Work task — Using the entries that follow, transcribe only the lines from the line with "3、在登录页面中,您既可以在" to the line with "Прикоснулись к прекрасному: в", both included, exactly as they stand and without pictures.

[Records drawn from a dataset]

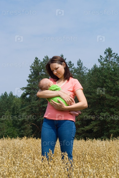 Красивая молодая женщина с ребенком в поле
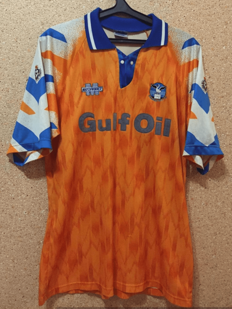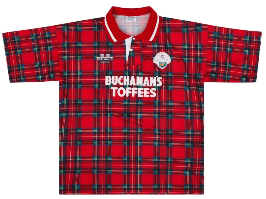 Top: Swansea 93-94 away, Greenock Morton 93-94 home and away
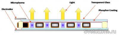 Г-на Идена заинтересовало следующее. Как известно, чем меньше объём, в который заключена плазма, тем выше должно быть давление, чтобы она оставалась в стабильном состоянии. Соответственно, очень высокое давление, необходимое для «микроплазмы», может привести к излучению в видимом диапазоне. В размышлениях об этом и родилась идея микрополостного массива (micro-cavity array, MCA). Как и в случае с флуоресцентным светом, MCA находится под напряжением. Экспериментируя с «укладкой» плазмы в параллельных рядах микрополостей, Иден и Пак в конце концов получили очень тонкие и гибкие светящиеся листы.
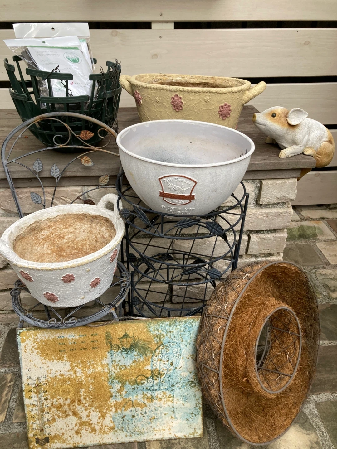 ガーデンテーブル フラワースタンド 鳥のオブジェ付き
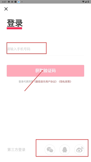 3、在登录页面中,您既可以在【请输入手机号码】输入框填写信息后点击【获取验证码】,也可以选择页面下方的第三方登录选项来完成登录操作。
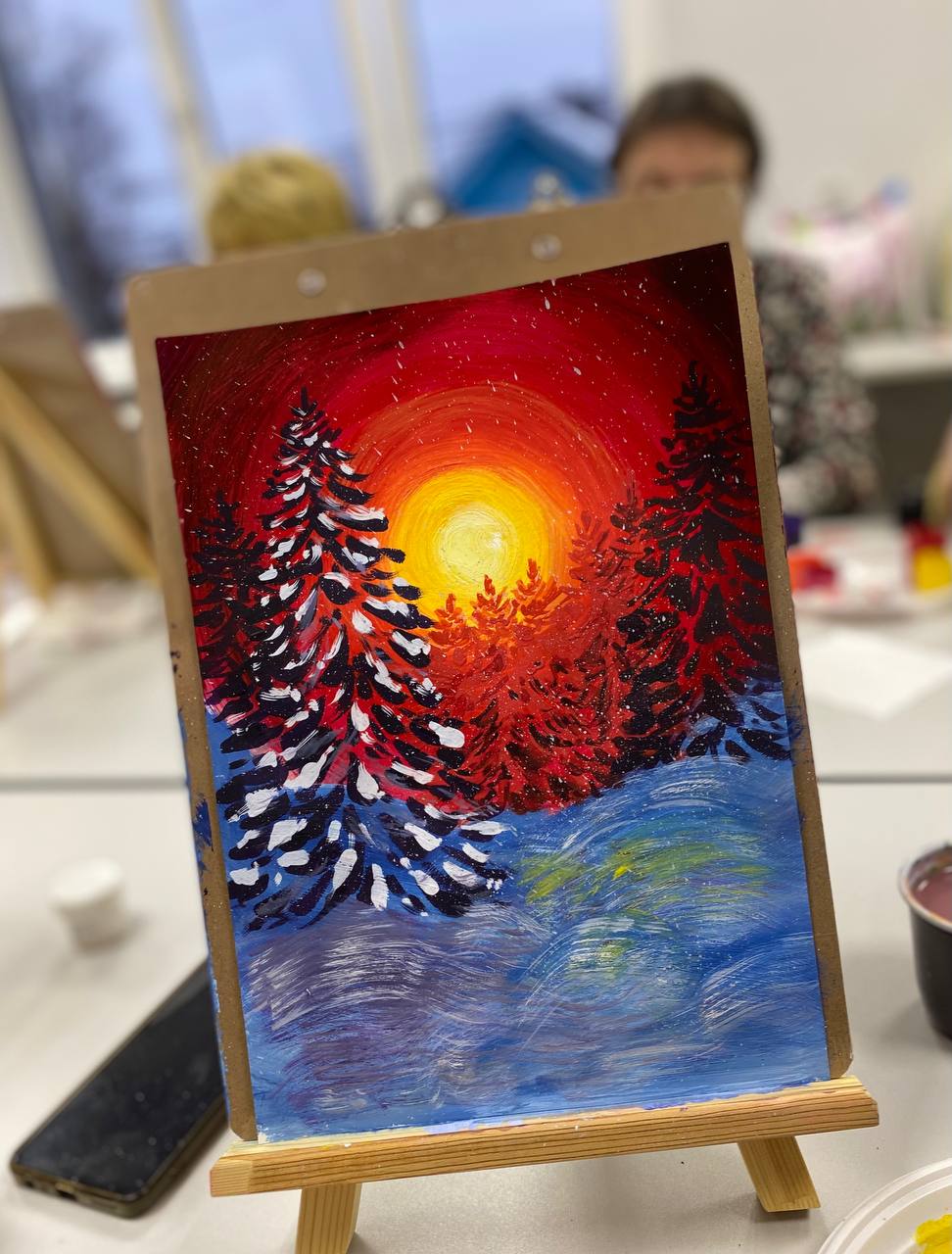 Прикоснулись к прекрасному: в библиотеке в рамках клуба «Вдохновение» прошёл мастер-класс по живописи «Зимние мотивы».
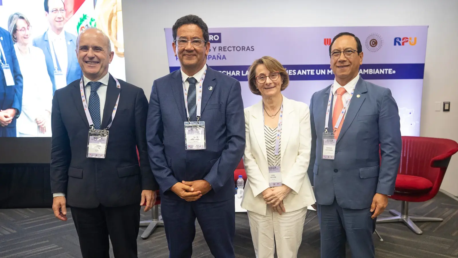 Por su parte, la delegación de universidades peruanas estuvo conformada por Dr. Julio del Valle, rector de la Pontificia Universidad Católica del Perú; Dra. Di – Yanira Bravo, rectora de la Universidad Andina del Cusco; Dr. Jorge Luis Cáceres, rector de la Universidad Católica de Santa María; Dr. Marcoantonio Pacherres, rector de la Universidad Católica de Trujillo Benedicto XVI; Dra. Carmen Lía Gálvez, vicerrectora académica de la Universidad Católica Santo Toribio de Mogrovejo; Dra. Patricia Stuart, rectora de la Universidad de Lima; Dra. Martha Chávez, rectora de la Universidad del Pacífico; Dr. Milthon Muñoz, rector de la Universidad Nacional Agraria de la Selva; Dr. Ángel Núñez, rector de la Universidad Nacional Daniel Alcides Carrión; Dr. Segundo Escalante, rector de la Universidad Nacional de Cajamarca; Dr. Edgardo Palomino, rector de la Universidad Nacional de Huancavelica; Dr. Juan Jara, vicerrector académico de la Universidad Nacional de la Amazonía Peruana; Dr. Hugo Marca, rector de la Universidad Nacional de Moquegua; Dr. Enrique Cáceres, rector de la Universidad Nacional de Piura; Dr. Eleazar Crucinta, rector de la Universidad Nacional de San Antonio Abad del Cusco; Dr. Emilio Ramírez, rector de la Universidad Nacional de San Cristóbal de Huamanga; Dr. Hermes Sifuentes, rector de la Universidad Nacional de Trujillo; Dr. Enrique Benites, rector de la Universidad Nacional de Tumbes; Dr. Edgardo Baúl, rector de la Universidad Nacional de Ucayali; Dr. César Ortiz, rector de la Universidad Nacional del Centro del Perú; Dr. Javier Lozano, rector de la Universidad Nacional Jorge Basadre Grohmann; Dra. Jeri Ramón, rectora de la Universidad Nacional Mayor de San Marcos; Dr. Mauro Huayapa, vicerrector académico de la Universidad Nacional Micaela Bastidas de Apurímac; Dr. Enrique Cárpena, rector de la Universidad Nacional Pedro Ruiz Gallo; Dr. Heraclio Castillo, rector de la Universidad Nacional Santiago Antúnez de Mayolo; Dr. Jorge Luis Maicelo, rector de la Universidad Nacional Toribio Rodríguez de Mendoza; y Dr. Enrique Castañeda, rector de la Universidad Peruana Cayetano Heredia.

Exercise result —
 3、在登录页面中,您既可以在【请输入手机号码】输入框填写信息后点击【获取验证码】,也可以选择页面下方的第三方登录选项来完成登录操作。
 Прикоснулись к прекрасному: в библиотеке в рамках клуба «Вдохновение» прошёл мастер-класс по живописи «Зимние мотивы».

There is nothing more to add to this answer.